Forward-looking Statements

This news release contains “forward-looking information” within the meaning of applicable securities laws. All statements contained herein that are not clearly historical in nature may constitute forward-looking information. In some cases, forward-looking information can be identified by words or phrases such as “may”, “will”, “expect”, “likely”, “should”, “would”, “plan”, “anticipate”, “intend”, “potential”, “proposed”, “estimate”, “believe” or the negative of these terms, or other similar words, expressions, and grammatical variations thereof, or statements that certain events or conditions “may” or “will” happen, or by discussions of strategy.

However, forward-looking statements are subject to risks, uncertainties, and other factors, which could cause actual results to differ materially from future results expressed, projected, or implied by such forward-looking statements. Such risks include, but are not limited to; the risk that market interest in the Company’s securities is uncertain and future interest cannot be predicted; the possibility that the Company will not be able to proceed with currently anticipated future exploration plans on its properties; risks relating to the mining industry and market conditions generally; general risks relating to publicly traded securities and public companies; and other risk factors as described in the Company’s continuous disclosure documents.

Accordingly, undue reliance should not be placed on forward-looking statements and the forward-looking statements contained in this press release are expressly qualified in their entirety by this cautionary statement.

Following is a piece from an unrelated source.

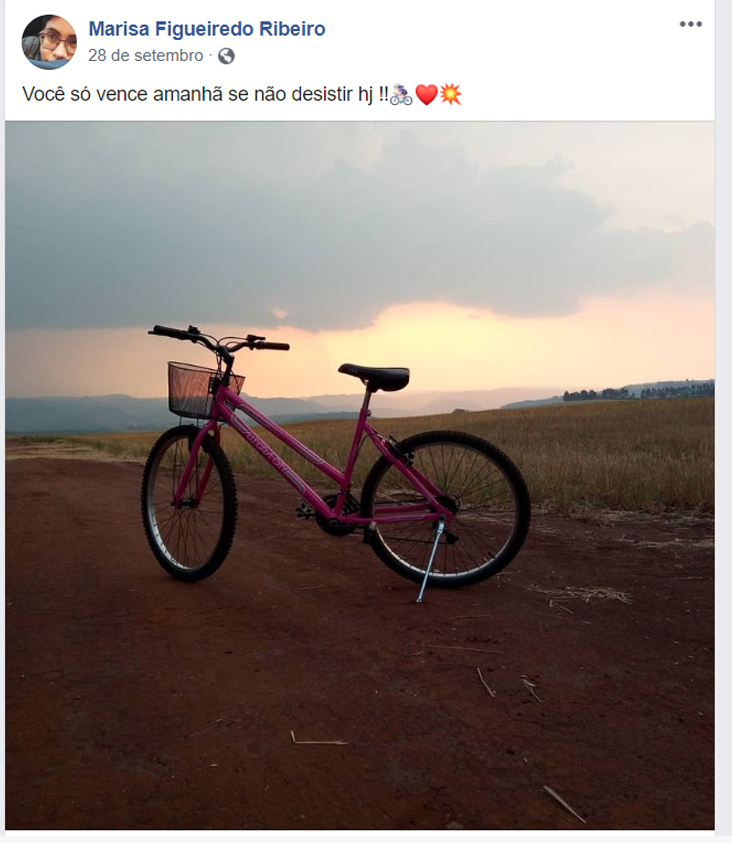 A última publicação da jovem em sua rede social no Facebook foi justamente a foto de sua bicicleta (foto: Reprodução)
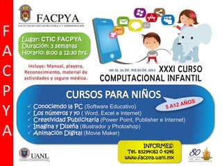 La Facultad de Ciencias Políticas y Administración Pública (FACPYA) anuncia la apertura de inscripciones para varios cursos de computación y manualidades que se llevarán a cabo durante 3 semanas de 8:00 a 12:30 hrs en sus instalaciones, incluyendo cursos introductorios sobre software educativo, números, publicidad y diseño, así como cursos avanzados de animación, diseño gráfico y edición de imagen, además de una actividad opcional de manualidades. Los interesados pueden obtener más información llamando

The forward-looking statements contained herein are made as at the date hereof and are based on the beliefs, estimates, expectations, and opinions of management on such date. The Company does not undertake any obligation to update publicly or revise any such forward-looking statements or any forward-looking statements contained in any other documents whether as a result of new information, future events or otherwise or to explain any material difference between subsequent actual events and such forward-looking information, except as required under applicable securities law. Readers are cautioned to consider these and other factors, uncertainties, and potential events carefully and not to put undue reliance on forward-looking information.